Kevin Nute teaches architectural design and courses on spatial ordering, building types, and time in built space. He began his career at the University of Nottingham in England, where he won the Shimeld and RIBA President’s design prizes before going on to work in architectural practices in London, Hong Kong, and Singapore. He earned his doctorate at the Martin Centre for Architectural and Urban Studies at Cambridge University, where he was awarded Fulbright and Japanese Ministry of Education scholarships to pursue his doctoral work as a research associate at the University of California, Berkeley and Tokyo University. The resulting book, Frank Lloyd Wright and Japan (1993), examines the integration of disparate sources in the building design process and received the 1994 International Architectural Monograph Award from the American Institute of Architects.
Professor Nute taught part-time at Cambridge from 1990 to 1995, when he received a Japan Foundation Research Fellowship to examine relationships between space and time in Japanese buildings based at Tokyo University. This work resulted in the book Place, Time and Being in Japanese Architecture (2004), which explores how buildings can be designed to express universal parameters of existence. In 1996 he accepted a position as an associate professor of architecture at another Japanese national university, Muroran Institute of Technology, where he taught architectural design and directed a research laboratory for four years before joining the University of Oregon in October 2000.
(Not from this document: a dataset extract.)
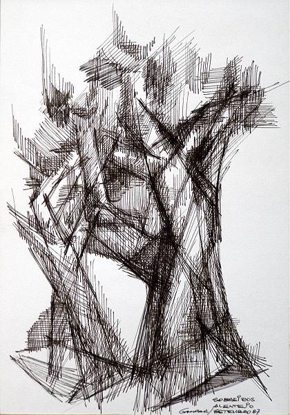 13 - Sobreiros, 1987 - nanquim - 22x29 cm.   14 - Barcos I, 1988 - guache - 40x30 cm.   15 - Barcos II, 1988 - nanquim e aguarela -220x29 cm.

Professor Nute’s research focuses on qualities of built environments that resonate directly with building users. His most recent work, Vital: Using the Weather to Bring Buildings and Sustainability to Life (2014), a video animated ebook, explains how the natural movements of the sun, wind and rain can be used to improve the well-being of building occupants and raise awareness of sustainable living practices. Vital is available from the iBookstore and via the website vitalarchitecture.org.